(Data shown Opens)

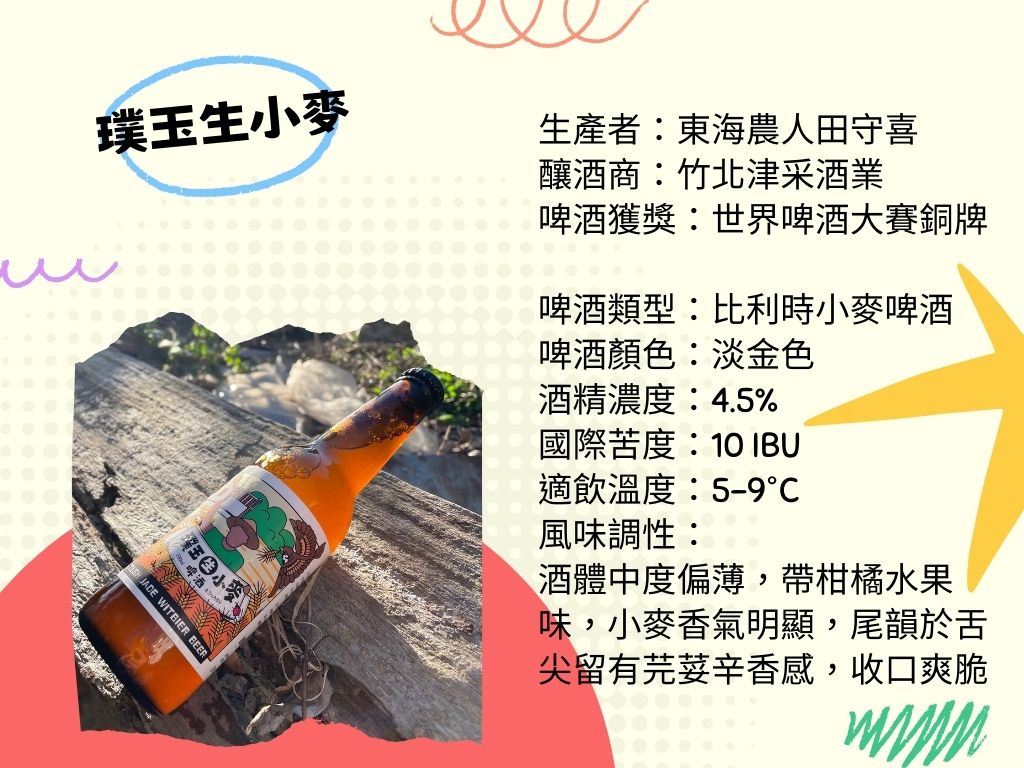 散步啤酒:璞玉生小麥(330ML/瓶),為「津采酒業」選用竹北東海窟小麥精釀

(Data shown Closes)
(Data shown Opens)

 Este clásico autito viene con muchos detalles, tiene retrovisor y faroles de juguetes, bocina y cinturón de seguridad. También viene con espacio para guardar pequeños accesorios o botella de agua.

(Data shown Closes)
(Data shown Opens)

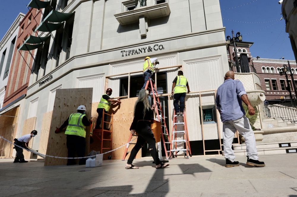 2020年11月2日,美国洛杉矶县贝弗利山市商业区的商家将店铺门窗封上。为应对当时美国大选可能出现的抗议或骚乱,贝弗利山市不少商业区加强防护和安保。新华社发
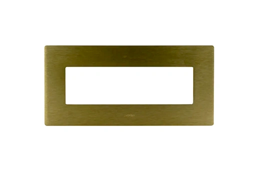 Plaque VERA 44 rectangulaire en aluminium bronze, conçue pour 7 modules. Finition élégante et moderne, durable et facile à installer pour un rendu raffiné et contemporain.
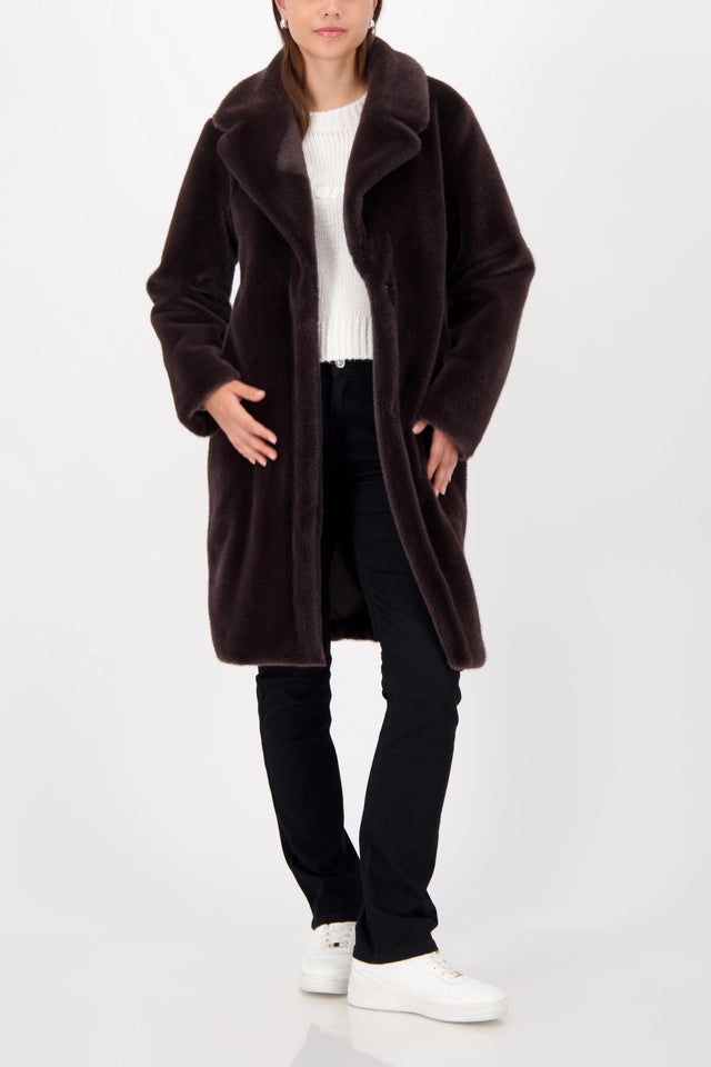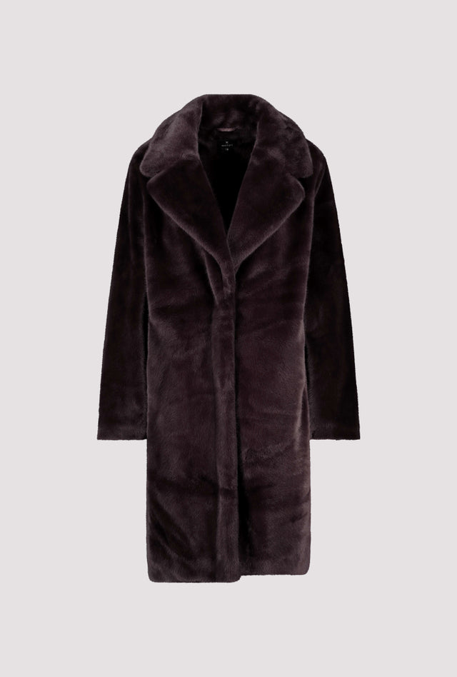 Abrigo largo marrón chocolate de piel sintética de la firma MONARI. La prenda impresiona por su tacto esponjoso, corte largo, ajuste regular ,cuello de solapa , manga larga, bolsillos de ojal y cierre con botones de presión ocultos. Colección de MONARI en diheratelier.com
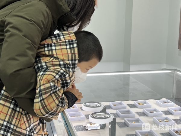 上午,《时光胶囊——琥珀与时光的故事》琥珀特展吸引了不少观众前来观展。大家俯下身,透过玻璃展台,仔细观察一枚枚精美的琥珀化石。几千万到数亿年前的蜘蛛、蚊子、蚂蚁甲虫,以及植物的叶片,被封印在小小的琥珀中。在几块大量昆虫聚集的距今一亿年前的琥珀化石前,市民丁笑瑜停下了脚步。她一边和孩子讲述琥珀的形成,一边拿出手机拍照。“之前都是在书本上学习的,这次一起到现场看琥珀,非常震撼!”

(Data shown Closes)

▶ _Directions_
Because only one stretch of the records is wanted, please output the lines from the one holding "Abrigo largo marrón" through the one holding "上午,《时光胶囊——琥珀与时" exactly, both included, and leave every picture out.

▶ _Answer for this exercise_
 Abrigo largo marrón chocolate de piel sintética de la firma MONARI. La prenda impresiona por su tacto esponjoso, corte largo, ajuste regular ,cuello de solapa , manga larga, bolsillos de ojal y cierre con botones de presión ocultos. Colección de MONARI en diheratelier.com
 上午,《时光胶囊——琥珀与时光的故事》琥珀特展吸引了不少观众前来观展。大家俯下身,透过玻璃展台,仔细观察一枚枚精美的琥珀化石。几千万到数亿年前的蜘蛛、蚊子、蚂蚁甲虫,以及植物的叶片,被封印在小小的琥珀中。在几块大量昆虫聚集的距今一亿年前的琥珀化石前,市民丁笑瑜停下了脚步。她一边和孩子讲述琥珀的形成,一边拿出手机拍照。“之前都是在书本上学习的,这次一起到现场看琥珀,非常震撼!”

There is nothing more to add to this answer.